Reading guidance: Sections 3.1-3.2 derive the Grad-CAM formula and explain the role of the ReLU (suppressing features with negative influence on the target class). Section 5 is particularly valuable: it uses Grad-CAM to diagnose model failures, showing cases where models achieve high accuracy by attending to spurious features (e.g., classifying "nurse" based on the presence of a hospital bed rather than the person). This connects to the broader interpretability discussion in Chapter 35. For the mathematical relationship between Grad-CAM and CAM (Class Activation Mapping; Zhou et al., 2016), see Section 3.3. The extension Grad-CAM++ (Chattopadhyay et al., 2018) provides improved localization for multiple instances of the same class in a single image.
4. Yann LeCun, Yoshua Bengio, and Geoffrey Hinton, "Deep Learning" (Nature, 2015)
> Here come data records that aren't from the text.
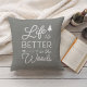 Eenvoudig charmant in een rustige moderne stijl: onze gevlekte gooikussens is voorzien van een zachte, grijze achtergrond met "het leven is beter in de bossen", omgeven door witte typografie. Pas de achterkant aan met uw familienaam en het vastgestelde jaar.
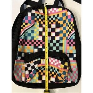 This is a pre-owned UGG canvas backpack in a multicolored checkered pattern. It is designed as a unisex adults size small backpack with a stylish exterior made of canvas material. Great used condition from a smoke free home.
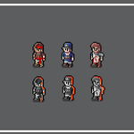 Blades in the Dark pixel art factions, Red Sashes, City Watch (Those damn BLuecoats) and Billhooks. =) I will not tag the official Blades page to not annoy them every day. =D #pixelart #ttrpg #bladesinthedark
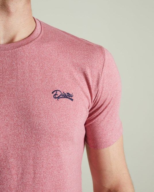 Melange-Basic-T-Shirt Aus Baumwollmischung Mit Diesel-Stickerei Auf Der Brust Und Gewebtem Diesel-Label Am Saum. Das Model Trägt M. Es Wird Empfohlen, Bei Ihrer Regulären Größe Zu Bleiben. 50 % Baumwolle, 50 % Polyester.
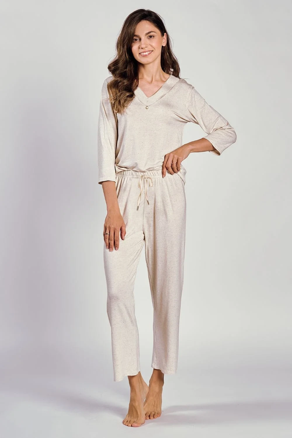 Dámské pyžamo z melanžové viskózy a lnu. Halenka s výstřihem do V a 3/4 rukávy. Dlouhé rovné kalhoty , zdobené v pase motýlkem. Ideální komplet jako pyžamo a domácí běžné oblečení.
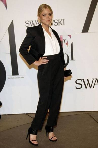 童星出身的Ashley Olsen已经不再演戏,转而将重心放在时尚界,并与自己的双胞胎妹妹 Mary-Kate Oslen共同创办时装品牌The Row,且将其经营得有声有色,在时尚界有著不可替代的地位。Ashley Oslen在2008年出席CFDA时尚奖时穿著自己所设计的西装,深V的衬衫露出一点肌肤,却也不至於暴露,加上西装外套特殊的肩线设计,以及高腰的宽裤,令大家纷纷对她的穿衣品味竖起大拇指。
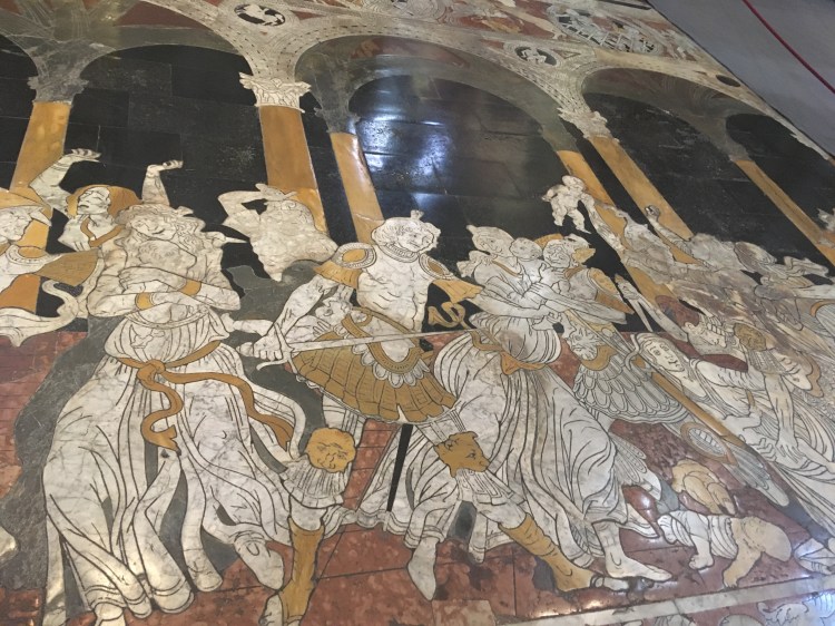 The cathedral in Siena is a Gothic masterpiece, and, like much of the rest of the town, is kind of like Medieval Europe with modern tourists. Although the outside is beautiful, the real wealth and fame of the cathedral come from its interior. Siena has the luck of being close to a lot of marble. While white marble is the most common, it’s actually yellow that is rarest and most expensive. The floors of Siena’s cathedral feature marble tiles in white, green, red, and yellow that depict Biblical scenes. These would have been used similarly to stained glass windows in illustrating the priest’s sermon, since almost all of the congregation would have been illiterate. My favorite part of the cathedral though was inside a chapel. Originally, a noble family who donated a lot of money to building the cathedral had this chapel for their private use, but now it’s used to house vellum choir books, under glass of course. I took some pictures, but they really can’t capture how cool these books were. All of them were illuminated, and they were much bigger than modern choir books since they would have been really expensive, and there was no way the church could afford one for each choir member. So, all in all, Siena is pretty neat.
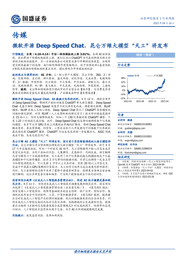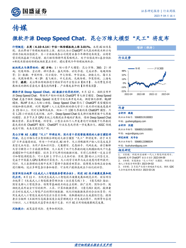 【国盛证券】【20230416】微软开源Deep Speed Chat,昆仑万维大模型“天工”将发布-10页

A landmark review article by three pioneers of deep learning. Section on convolutional networks (pp. 439-440) provides a concise, authoritative summary of the convolution operation, weight sharing, and pooling. The article places CNNs in the broader context of representation learning and traces the intellectual lineage from biological vision to modern architectures.
Reading guidance: Read the full article — it is only 9 pages and serves as an excellent overview of the entire deep learning landscape as of 2015. The CNN section is brief but every sentence is carefully chosen. The article predates ResNet, so it stops at VGG/GoogLeNet, but its discussion of hierarchical feature learning and translational equivariance remains the clearest short treatment available. For the historical perspective on how convolution was inspired by Hubel and Wiesel's work on the visual cortex (simple cells and complex cells), see LeCun et al., "Gradient-Based Learning Applied to Document Recognition" (Proceedings of the IEEE, 1998) — the original LeNet paper, which remains surprisingly readable.
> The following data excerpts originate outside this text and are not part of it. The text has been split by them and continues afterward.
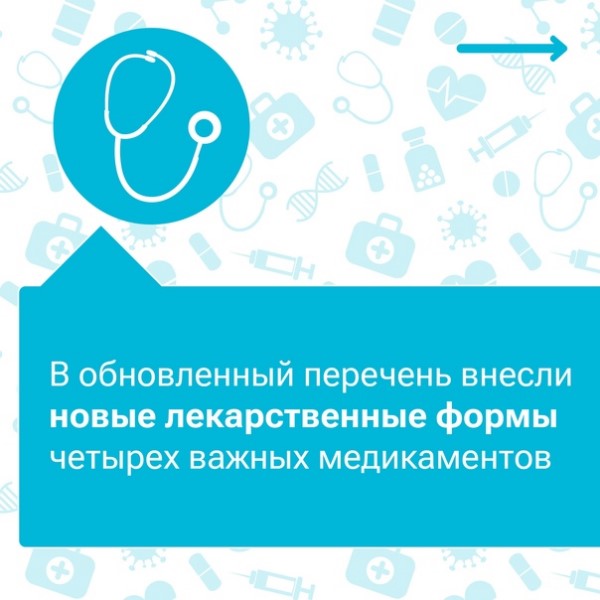 Добавили лекарственные формы четырёх медикаментов: сапроптерин — для лечения фенилкетонурии, глекапревир+пибрентасвир — противовирусное для детей с хроническим гепатитом С, иммунодепрессант пирфенидон и обезболивающее просидол.
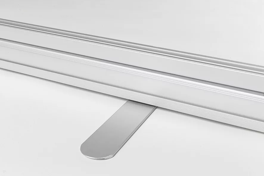 A masszív alumínium szerkezet stabil tartást ad, miközben könnyű marad, így egyszerűen szállítható és gyorsan felállítható. A grafika használaton kívül a kazettában védetten, feltekerve helyezkedik el, a rugós mechanika pedig gondoskodik a feszes megjelenésről.
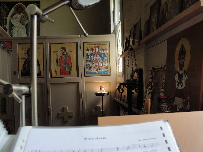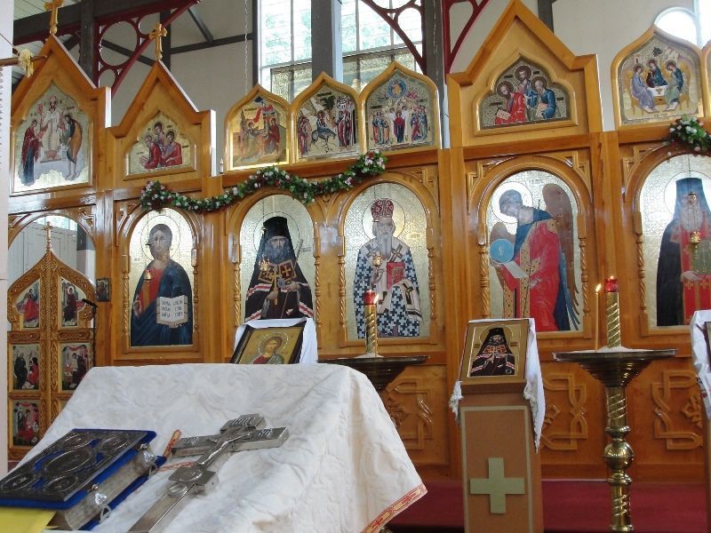 Иконостас мы заказали в Молдавии, мастера в Кишиневе работали над ним. Наряду с изображениями Спасителя и Божией Матери там есть икона святителя Иоанна Шанхайского и Сан-Францисского, который несколько лет управлял британскими приходами. Рядом с ним – святитель Николай Сербский (Велимирович), который скончался в год моего рождения. Они были друзьями, у нас есть их переписка. С другой стороны, после Архангела, здесь есть Алексий Карпаторусский, и он тоже был другом святителя Иоанна. Он был архимандритом в Закарпатской Руси, вернул 160 тысяч человек из унии в Православие. Они все переписывались. Преподобный Алексий скончался в 1947 году, Николай Сербский – в 1956 году, владыка Иоанн – в 1966-м. В иконостасе есть образ равноапостольного Николая Японского, который скончался в 1912 году. Его владыка Иоанн тоже очень почитал.

5. Richard Zhang, "Making Convolutional Networks Shift-Invariant Again" (ICML, 2019)
This paper demonstrates that standard CNNs are not truly translation equivariant due to aliasing in strided convolutions and max pooling. When a strided operation subsamples the feature map, it violates the Nyquist sampling theorem, causing small input shifts to produce qualitatively different outputs. Zhang proposes anti-aliased downsampling: applying a low-pass filter (blur) before subsampling, which restores shift equivariance. The paper includes extensive experiments showing improved consistency and, surprisingly, improved accuracy as well.
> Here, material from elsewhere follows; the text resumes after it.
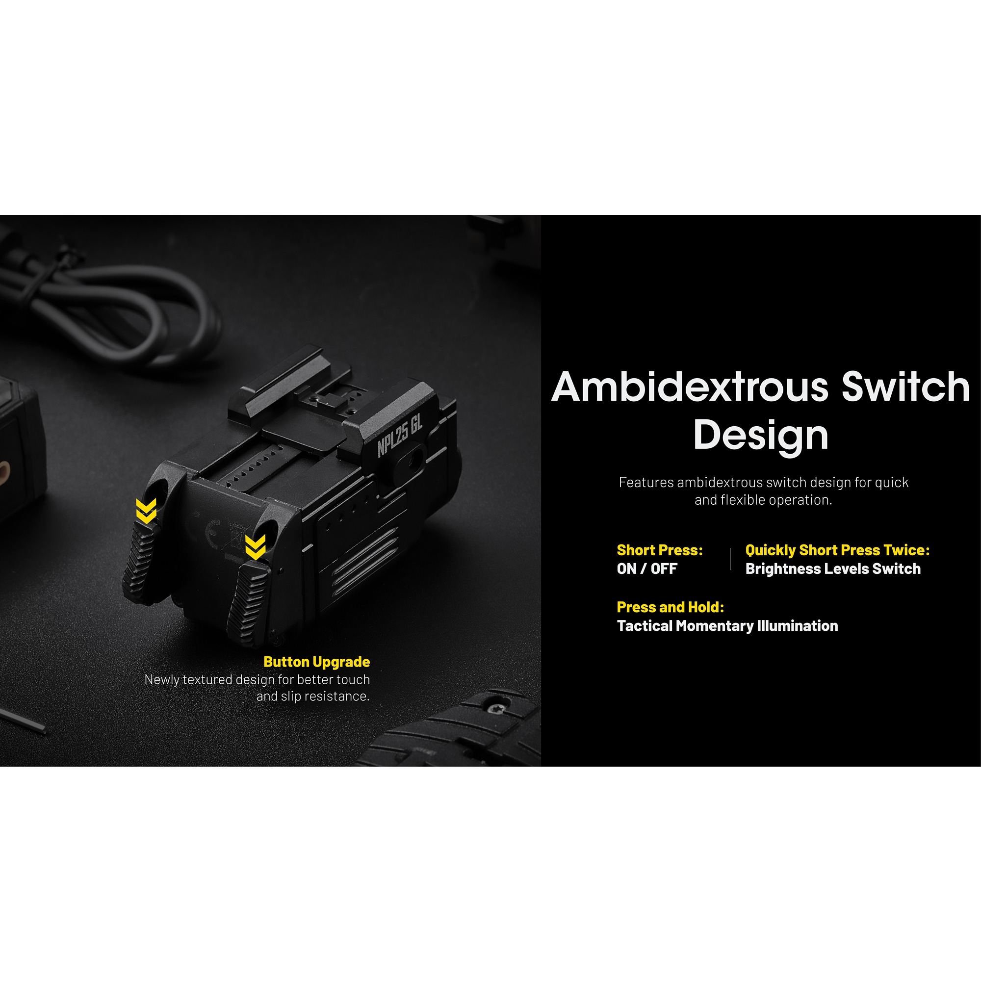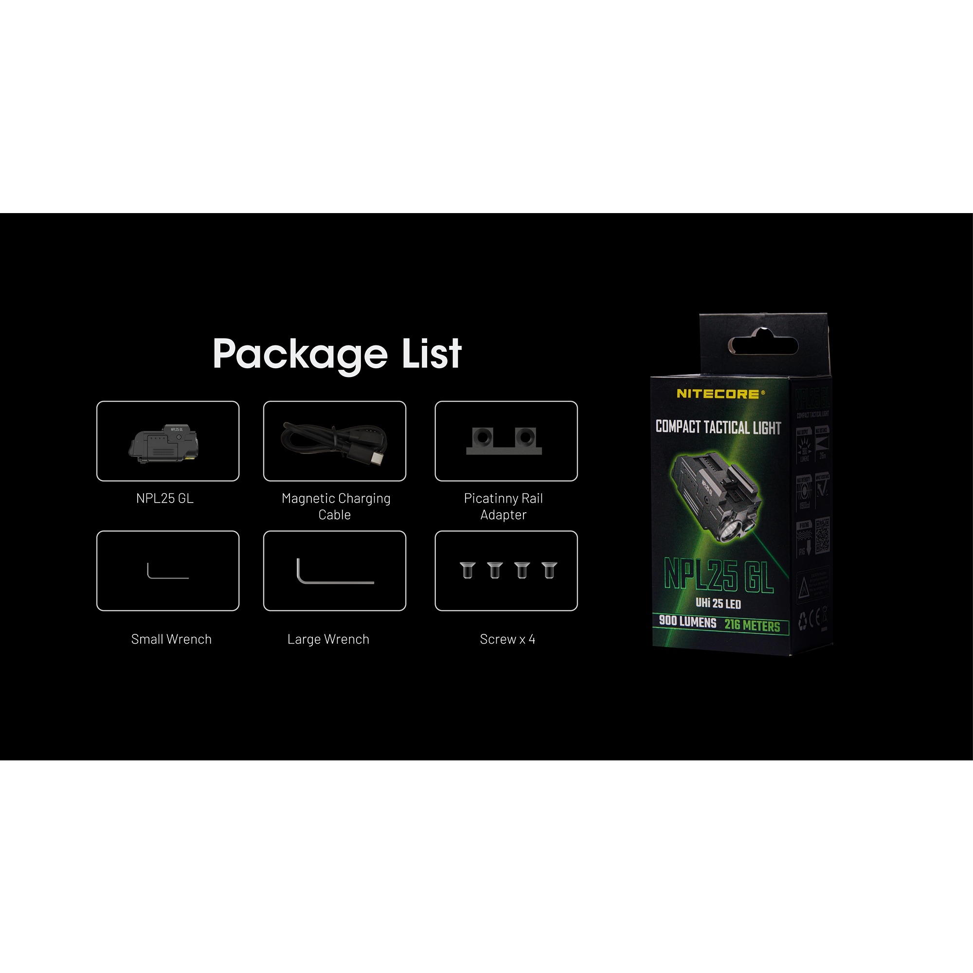 Nitecore NPL25 GL er en kompakt Nitecore våpenlykt for deg som ønsker både kraftig hvitt lys og en integrert grønn laser i én samlet løsning. Modellen leverer opptil 900 lumen, har en rekkevidde på 216 meter og kombinerer det klare lyset med en presis grønn 520 nm laser. Det gjør den godt egnet for brukere som ønsker en oppladbar våpenlykt med ekstra kontroll og allsidighet i et format som ikke tar unødvendig plass under våpenet.

Reading guidance: Section 2 explains the aliasing problem with clear diagrams. The key figure is Figure 1, which shows that shifting an input image by one pixel can dramatically change the output of max pooling. Section 3 presents the fix (blur-then-subsample), which is elegant in its simplicity — it is the same anti-aliasing that signal processing textbooks have taught for decades. The practical implication is important: if shift-equivariance matters for your application (e.g., object detection, where bounding box predictions should not flicker with small camera movements), use anti-aliased pooling. The paper connects the deep learning community's rediscovery of classical signal processing principles — a satisfying instance of the "Fundamentals > Frontier" theme.